[Supplied information Boundary: Start]

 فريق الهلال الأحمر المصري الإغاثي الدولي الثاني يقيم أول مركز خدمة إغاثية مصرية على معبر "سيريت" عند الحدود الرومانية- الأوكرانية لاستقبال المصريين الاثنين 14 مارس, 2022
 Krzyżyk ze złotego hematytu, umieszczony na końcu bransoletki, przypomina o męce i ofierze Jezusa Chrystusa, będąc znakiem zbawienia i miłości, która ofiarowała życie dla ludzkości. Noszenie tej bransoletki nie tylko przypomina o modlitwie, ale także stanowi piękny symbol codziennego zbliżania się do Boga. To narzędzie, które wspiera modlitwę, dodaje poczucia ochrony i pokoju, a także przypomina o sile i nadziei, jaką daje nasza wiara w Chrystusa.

[Supplied information Boundary: End]
[Supplied information Boundary: Start]

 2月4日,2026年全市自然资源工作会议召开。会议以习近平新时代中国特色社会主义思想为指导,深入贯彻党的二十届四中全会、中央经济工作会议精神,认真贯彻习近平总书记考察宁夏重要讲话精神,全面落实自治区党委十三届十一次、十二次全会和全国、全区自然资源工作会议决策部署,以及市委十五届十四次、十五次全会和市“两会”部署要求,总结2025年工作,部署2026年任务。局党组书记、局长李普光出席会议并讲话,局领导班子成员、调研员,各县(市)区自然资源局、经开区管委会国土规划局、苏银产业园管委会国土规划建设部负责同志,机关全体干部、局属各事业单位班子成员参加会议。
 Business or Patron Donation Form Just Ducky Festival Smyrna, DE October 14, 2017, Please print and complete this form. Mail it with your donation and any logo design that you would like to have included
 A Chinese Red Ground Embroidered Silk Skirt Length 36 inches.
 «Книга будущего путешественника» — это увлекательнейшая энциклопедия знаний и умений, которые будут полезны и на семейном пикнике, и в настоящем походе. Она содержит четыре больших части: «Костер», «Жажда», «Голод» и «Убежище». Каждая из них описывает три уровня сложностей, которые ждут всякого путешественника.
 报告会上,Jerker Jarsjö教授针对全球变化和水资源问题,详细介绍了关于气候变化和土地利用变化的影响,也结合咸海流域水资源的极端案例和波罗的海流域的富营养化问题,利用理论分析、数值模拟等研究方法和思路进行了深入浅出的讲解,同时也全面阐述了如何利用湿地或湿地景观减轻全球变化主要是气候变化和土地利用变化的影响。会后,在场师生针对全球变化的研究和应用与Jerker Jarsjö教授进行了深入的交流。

[Supplied information Boundary: End]
[Supplied information Boundary: Start]

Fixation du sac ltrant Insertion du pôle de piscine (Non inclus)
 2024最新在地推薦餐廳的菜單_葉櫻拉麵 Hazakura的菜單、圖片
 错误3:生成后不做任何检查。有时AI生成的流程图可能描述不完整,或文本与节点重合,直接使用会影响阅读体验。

[Supplied information Boundary: End]

* **Work task**:
Once you find the line with "فريق الهلال الأحمر" in the entries above, output it and each line after it up to and including the line with "Krzyżyk ze złotego", and nothing else.

* **Task result**:
 فريق الهلال الأحمر المصري الإغاثي الدولي الثاني يقيم أول مركز خدمة إغاثية مصرية على معبر "سيريت" عند الحدود الرومانية- الأوكرانية لاستقبال المصريين الاثنين 14 مارس, 2022
 Krzyżyk ze złotego hematytu, umieszczony na końcu bransoletki, przypomina o męce i ofierze Jezusa Chrystusa, będąc znakiem zbawienia i miłości, która ofiarowała życie dla ludzkości. Noszenie tej bransoletki nie tylko przypomina o modlitwie, ale także stanowi piękny symbol codziennego zbliżania się do Boga. To narzędzie, które wspiera modlitwę, dodaje poczucia ochrony i pokoju, a także przypomina o sile i nadziei, jaką daje nasza wiara w Chrystusa.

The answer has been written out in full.